> _What the task asks_
Type out the listing below exactly. Pictures stay out of it.

> _Data_
******
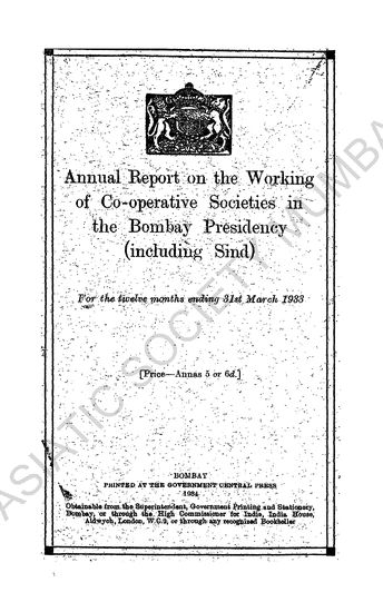 Annual Report on the Working of Co-operative Societiesin the Bombay Presidency (including Sind) for the Twelve month ending March 31,1933
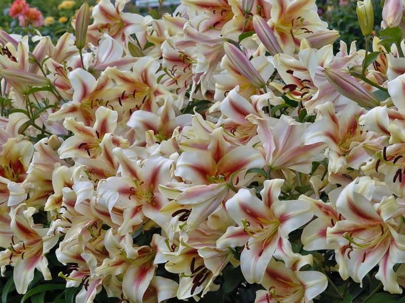 Луковицы лилии ОТ-гибрид Лавон (Lilium OT-hybrid Lavon) хорошо приживаются в открытом грунте 4-й зоны морозостойкости, могут зимовать под совсем небольшим укрытием. Окраска лепестков смешанная. В сердцевине – светло-зеленая звездочка, основа бело-желтая с красно-розовыми широкими крупными мазками от основания лепестка к середине. Пыльники большие, темно-коричневые. Диаметр цветка 14-18 см, высота растения – до 110 см. Декоративный многолетник с каждым годом вырастает выше и цветет обильнее. Пригоден для срезки, высадки в смешанных группах, оформления условного зонирования территории.
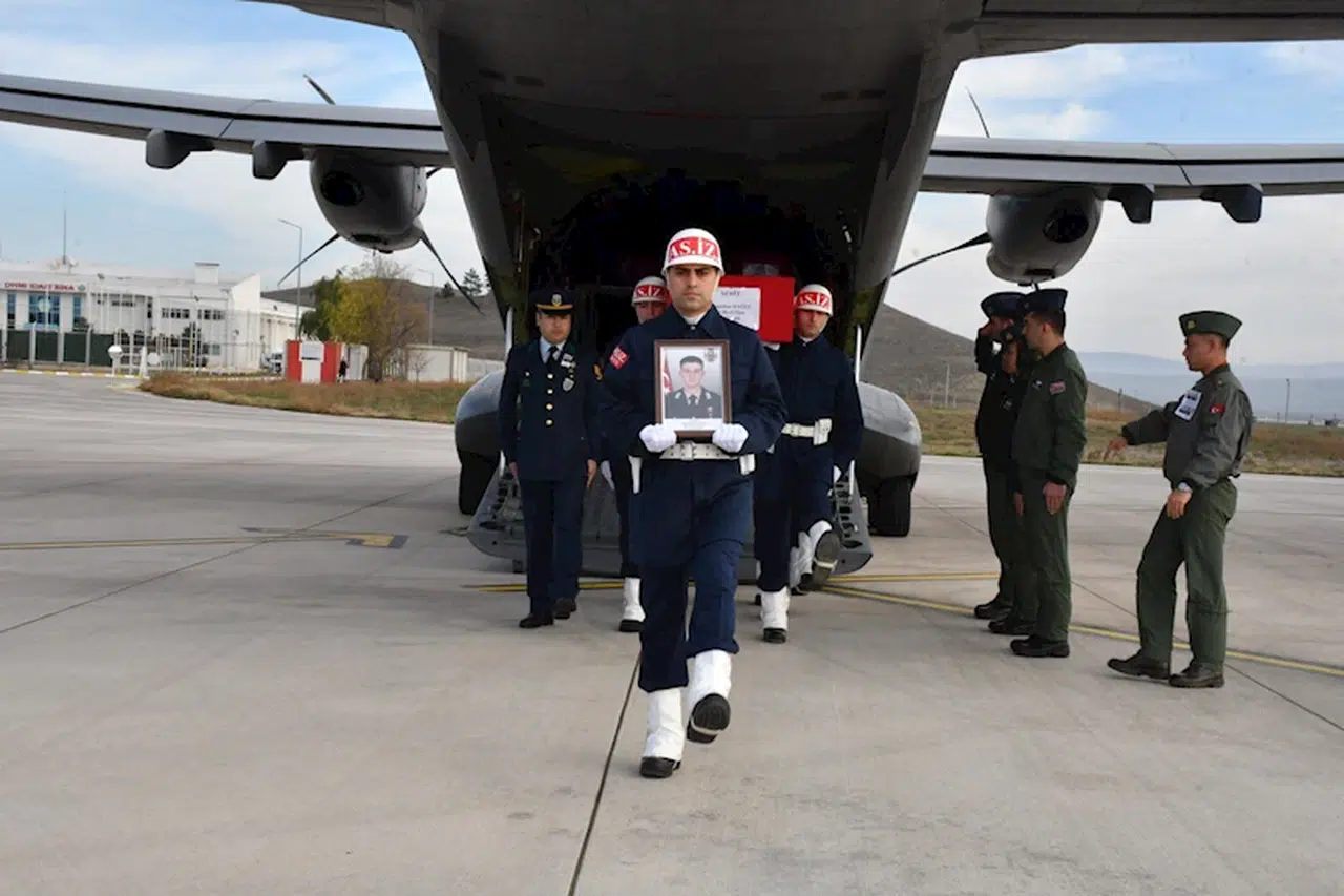 Şehidin cenazesi, memleketi Samsun’un Vezirköprü ilçesine götürülmek üzere yola çıkarıldı. (DHA)
******
> _Solution_
 Annual Report on the Working of Co-operative Societiesin the Bombay Presidency (including Sind) for the Twelve month ending March 31,1933
 Луковицы лилии ОТ-гибрид Лавон (Lilium OT-hybrid Lavon) хорошо приживаются в открытом грунте 4-й зоны морозостойкости, могут зимовать под совсем небольшим укрытием. Окраска лепестков смешанная. В сердцевине – светло-зеленая звездочка, основа бело-желтая с красно-розовыми широкими крупными мазками от основания лепестка к середине. Пыльники большие, темно-коричневые. Диаметр цветка 14-18 см, высота растения – до 110 см. Декоративный многолетник с каждым годом вырастает выше и цветет обильнее. Пригоден для срезки, высадки в смешанных группах, оформления условного зонирования территории.
 Şehidin cenazesi, memleketi Samsun’un Vezirköprü ilçesine götürülmek üzere yola çıkarıldı. (DHA)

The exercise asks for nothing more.